The entries that follow should come back exactly, with no pictures among them.
RECORDS TO USE START
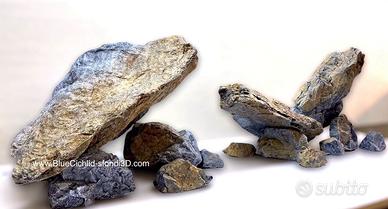 14 Pietre in resina, cave, di varie forme e dimensioni - Blue ciclid misure varie
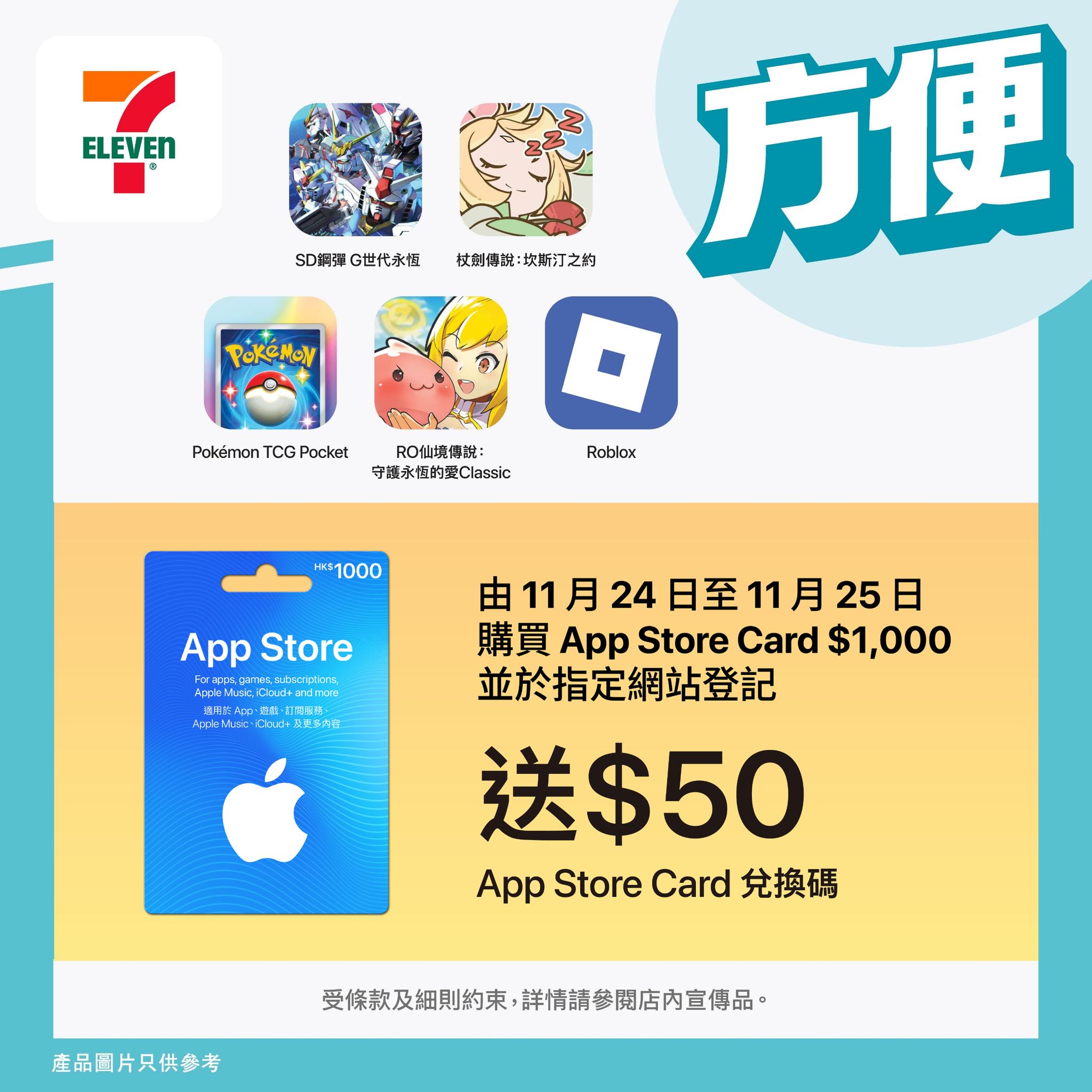 於11月24日至 25日推廣期內購買 App Store Card $1,000 ,並於 2025 年 12月2日*前到網站 https://getbonuscode.com/HK1125SE 完成登記,即可獲贈 App Store Card $50兌換碼!!
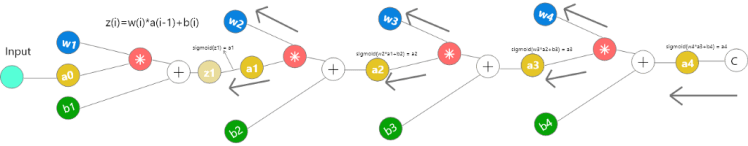 In forward propagation, we just multiply the input with weight matrices and add bias as shown above. We then find the sigmoid of the output.
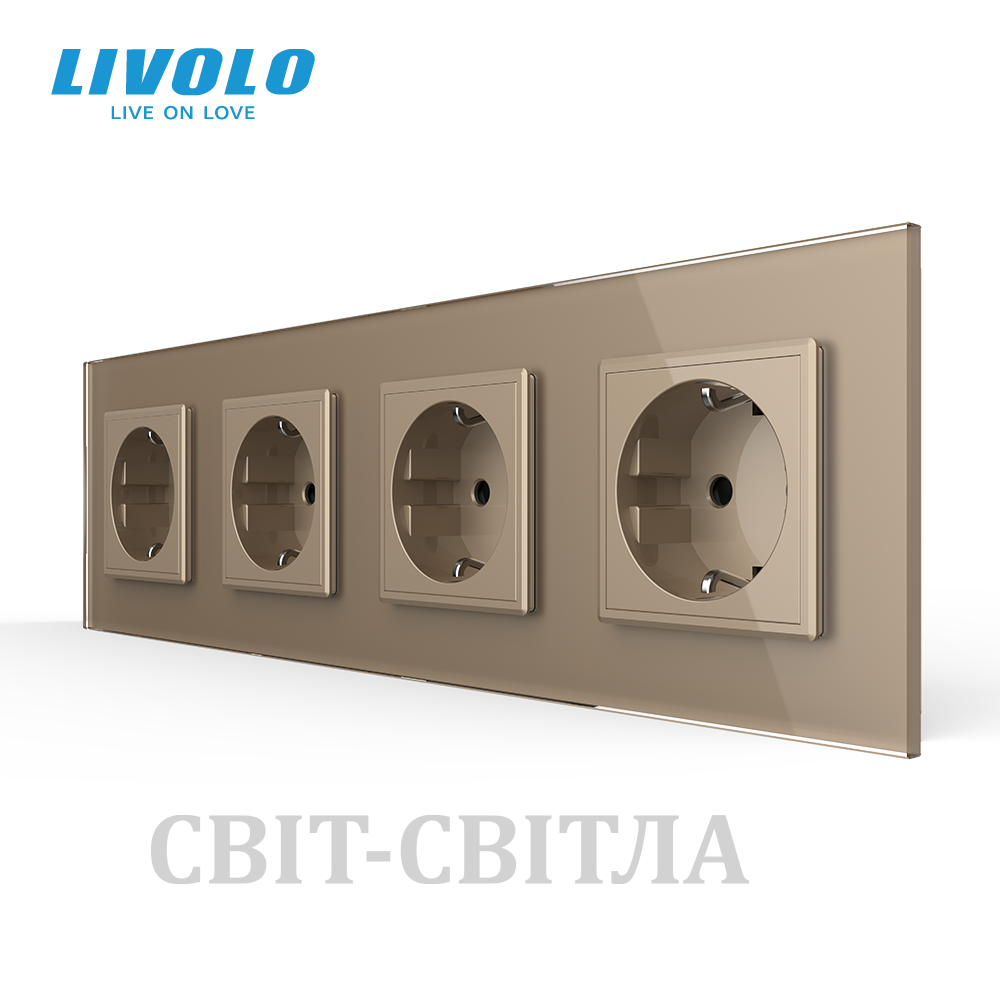 Розетка четырехместная с заземлением Livolo золото стекло (VL-C7C4EU-13)
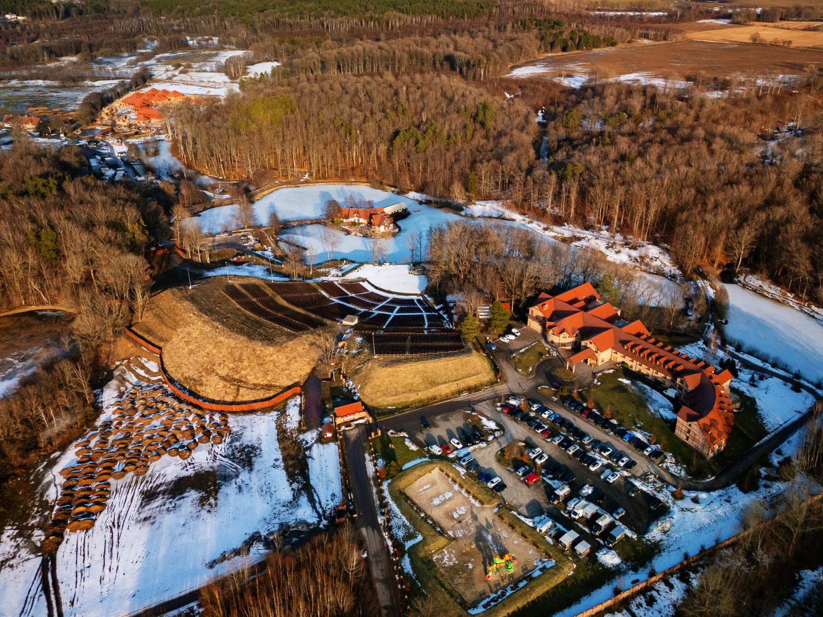 🏨 Luksusowy resort na Pomorzu, między Ustką a Słupskiem. Położony na 120 ha prywatnego terenu ze ścieżkami spacerowymi i rowerowymi, otoczony lasami, nad jeziorem.
RECORDS TO USE END
### FINAL ANSWER
 14 Pietre in resina, cave, di varie forme e dimensioni - Blue ciclid misure varie
 於11月24日至 25日推廣期內購買 App Store Card $1,000 ,並於 2025 年 12月2日*前到網站 https://getbonuscode.com/HK1125SE 完成登記,即可獲贈 App Store Card $50兌換碼!!
 In forward propagation, we just multiply the input with weight matrices and add bias as shown above. We then find the sigmoid of the output.
 Розетка четырехместная с заземлением Livolo золото стекло (VL-C7C4EU-13)
 🏨 Luksusowy resort na Pomorzu, między Ustką a Słupskiem. Położony na 120 ha prywatnego terenu ze ścieżkami spacerowymi i rowerowymi, otoczony lasami, nad jeziorem.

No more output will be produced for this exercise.